东京热

东京热 Official Website

Kembangkan Bionanomaterial Bunga Telang dan Buah Jamblang untuk Antikanker, Mahasiswa UNAIR Lolos Pendanaan PKM RE 2026

Dari kiri ke kanan Nia Eka Safitri, Desika Dwi Ayu Rohmawati, Juelo Merdiansyah, Lilik Nur Khumaidah, dan Devika Muliana sebagai tim PKM RE Claritea (Sumber: Dokumentasi Pribadi Tim).
Dari kiri ke kanan Nia Eka Safitri, Desika Dwi Ayu Rohmawati, Juelo Merdiansyah, Lilik Nur Khumaidah, dan Devika Muliana sebagai tim PKM RE Claritea (Sumber: Dokumentasi Pribadi Tim).

UNAIR NEWS 鈥 Kanker payudara masih menjadi salah satu penyebab kematian tertinggi pada perempuan, baik di Indonesia maupun dunia. Pada 2020, tercatat sekitar 68.898 kasus kanker payudara di Indonesia dengan angka kematian mencapai 22.000 jiwa, dan jumlah tersebut kemungkinan akan terus meningkat setiap tahunnya. Menjawab tantangan tersebut, tim mahasiswa multidisiplin UNAIR yang diketuai Lilik Nur Khumaidah dari Fakultas Sains dan Teknologi (FST) bersama Desika Dwi Ayu Rohmawati dan Nia Eka Safitri dari Fakultas Kesehatan Masyarakat (FKM), Devika Muliana dari Fakultas Farmasi (FF), serta Juleo Merdiansyah dari FST, di bawah bimbingan Dr rer nat Ganden Supriyanto, MSc, mengembangkan inovasi agen antikanker berbasis bahan alam dan kekayaan hayati Indonesia sebagai upaya menghadirkan alternatif terapi yang lebih aman dan berkelanjutan.

Gagasan berjudul Inovasi Bionanomaterial Antikanker berbasis kombinasi antosianin dari Bunga Telang (Clitoria ternatea) dan buah Jamblang (Syzygium cumini) tersebut berusaha menghadirkan kandidat terapi antikanker.

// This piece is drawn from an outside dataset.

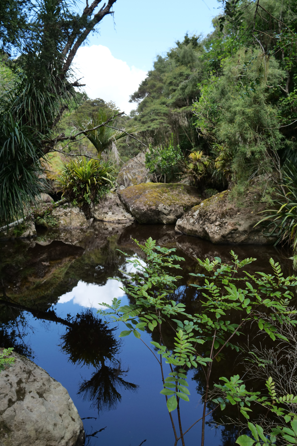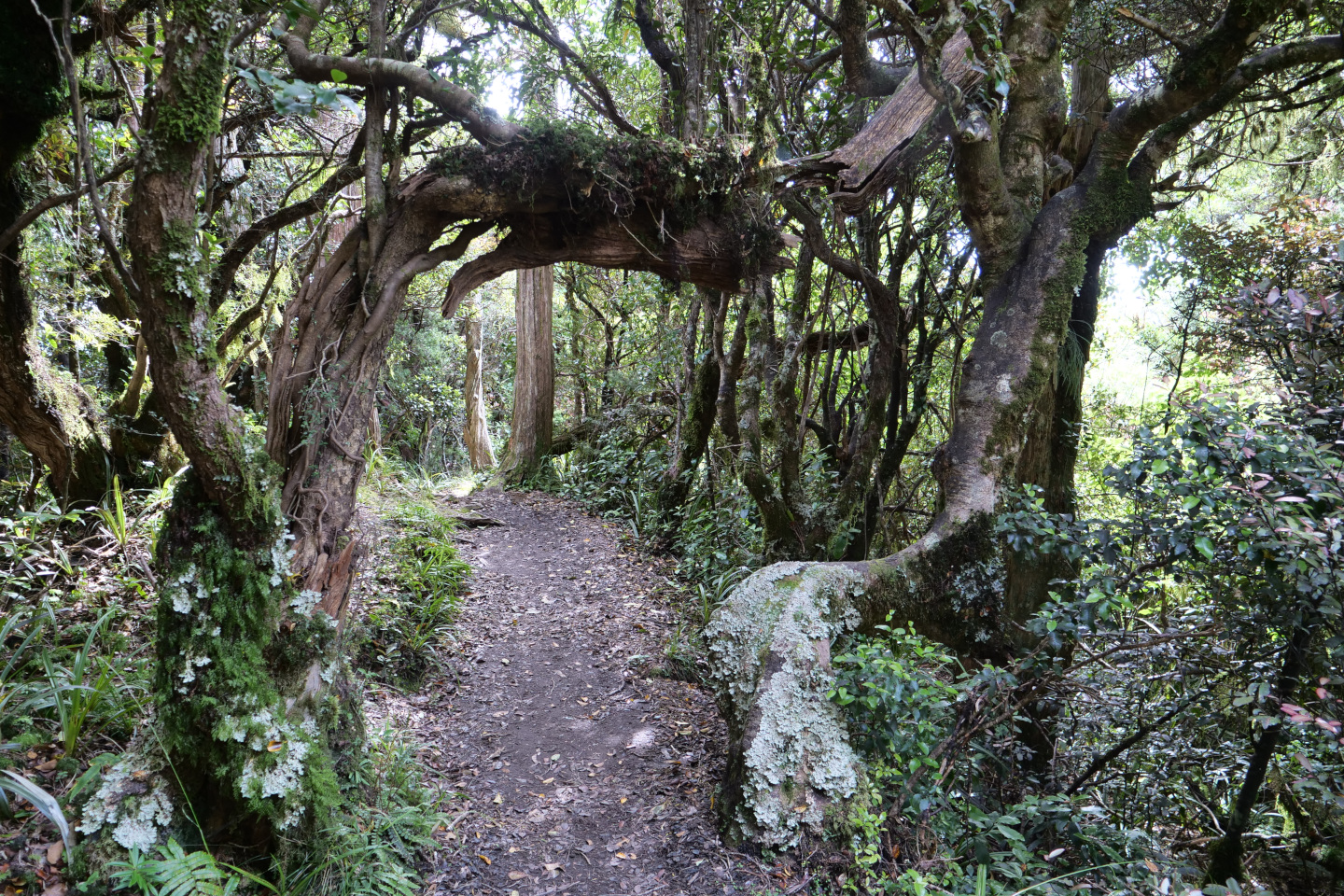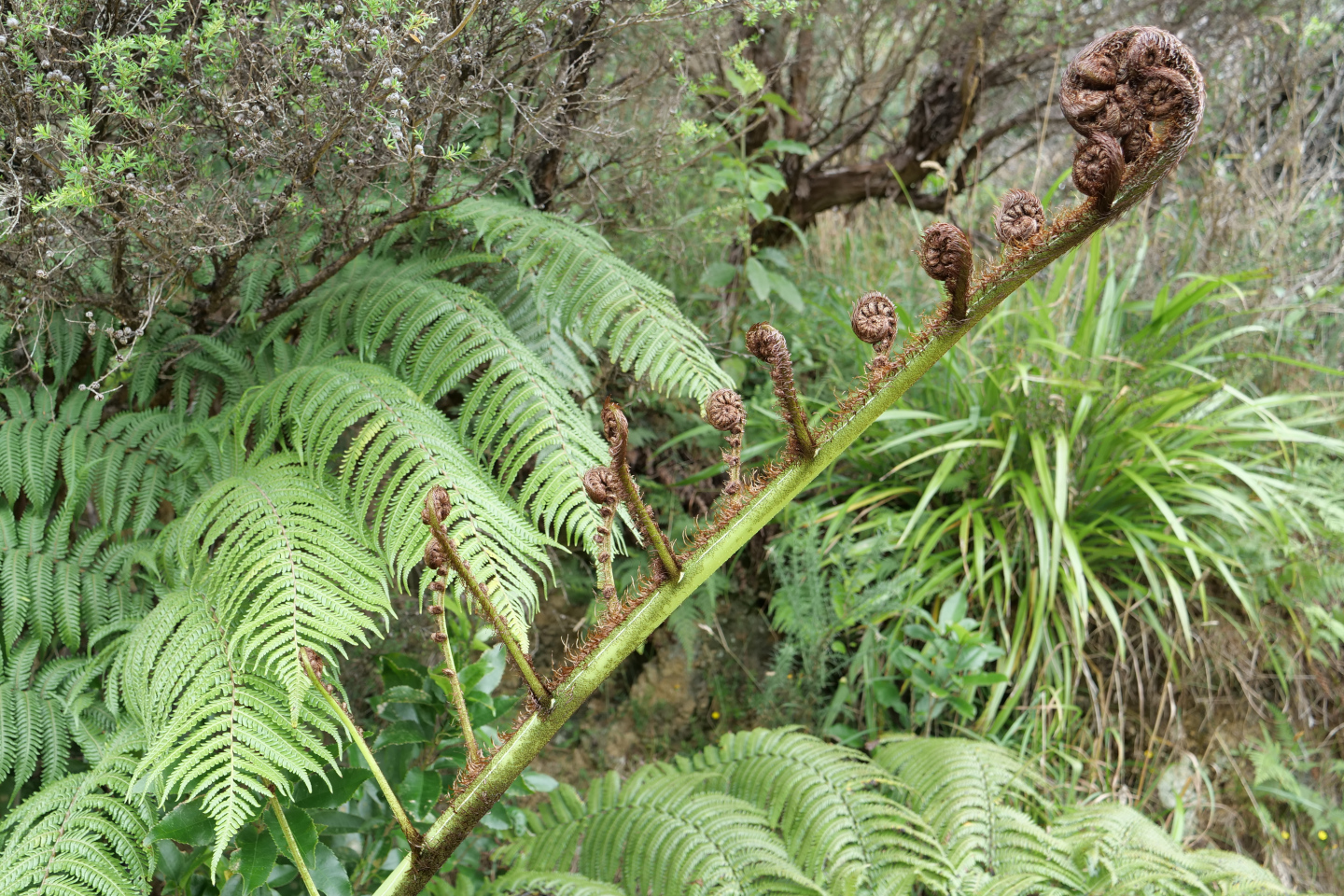 In nördlicher Richtung treffen wir auf die heiligen Bäume der Maori, den Kauri. Der höchste «Tane Mahuta» (Gott des Waldes) ist 53 m hoch und 2 - 3000 Jahre alt. Sein Harz, ähnlich wie Bernstein, wurde im frischen Zustand als Kaugummi, gemischt als Fackel, für Tattoos u.v.m. verwendet.

Tim yang seluruhnya berasal dari angkatan 2023 ini berhasil meraih pendanaan Program Kreativitas Mahasiswa Riset Eksakta (PKM-RE) tahun 2026. Capaian ini menjadi bukti bahwa kekayaan hayati lokal masih terbuka untuk dikembangkan dalam dunia kesehatan.

Atasi Kerentanan Antosianin Melalui Enkapsulasi

Lilik menjelaskan bahwa antosianin pada bunga telang memiliki potensi sebagai antikanker. Namun, potensi tersebut belum optimal karena antosianin mudah mengalami degradasi akibat suhu, cahaya, maupun perubahan pH. Kerentanan ini menjadi titik mula tim dalam merancang strategi perlindungan senyawa tersebut.

鈥淪ebagai analogi, antosianin itu seperti telur yang mudah pecah. Agar bisa dibawa dengan aman, telur tersebut dimasukkan dalam kotak pelindung. Pada penelitian kami, kitosan dan alginat berfungsi sebagai kotak pelindung tersebut,鈥 ujar Lilik.

Solusi yang hadir adalah enkapsulasi antosianin menggunakan matriks kitosan alginate dengan metode spray-day. Pemilihan kitosan dan alginat sebagai bahan pembungkus karena termasuk polimer alami yang bersifat biocompatible, tidak toksik, dan mampu membentuk lapisan pelindung dari degradasi akibat suhu, cahaya, dan perubahan pH. Dengan meningkatnya stabilitas tersebut, bioavailabilitas serta efektivitas sitotoksik antosianin dapat meningkat daripada ekstrak yang tidak melalui proses enkapsulasi.

Kolaborasi Lintas Sektor

Penelitian ini nantinya bertujuan untuk mampu menghasilkan kandidat antikanker berbasis bahan alam dengan karakteristik stabilitas baik, efektivitas tinggi, serta potensi untuk dikembangkan lebih lanjut. Ia turut mengusulkan pengembangan obat berbassis bahan alam untuk memanfaatkan teknologi enkapsulasi. Tidak hanya itu, Lilik menekankan pentingnya kolaborasi lintas sektor untuk hasil riset yang lebih berdampak.

Tim mengajak seluruh civitas akademika UNAIR untuk turut mendukung penelitian serta mengikuti akun Instagram dan Tiktok @pkmre.claritea. Tim berharap dukungan tersebut dapat memacu semangat kolaborasi lintas disiplin serta budaya riset. Selain itu, tim juga berharap penelitian ini mendorong mahasiswa UNAIR berani mengikuti PKM dan mengembangkan penelitian berbasis potensi lokal.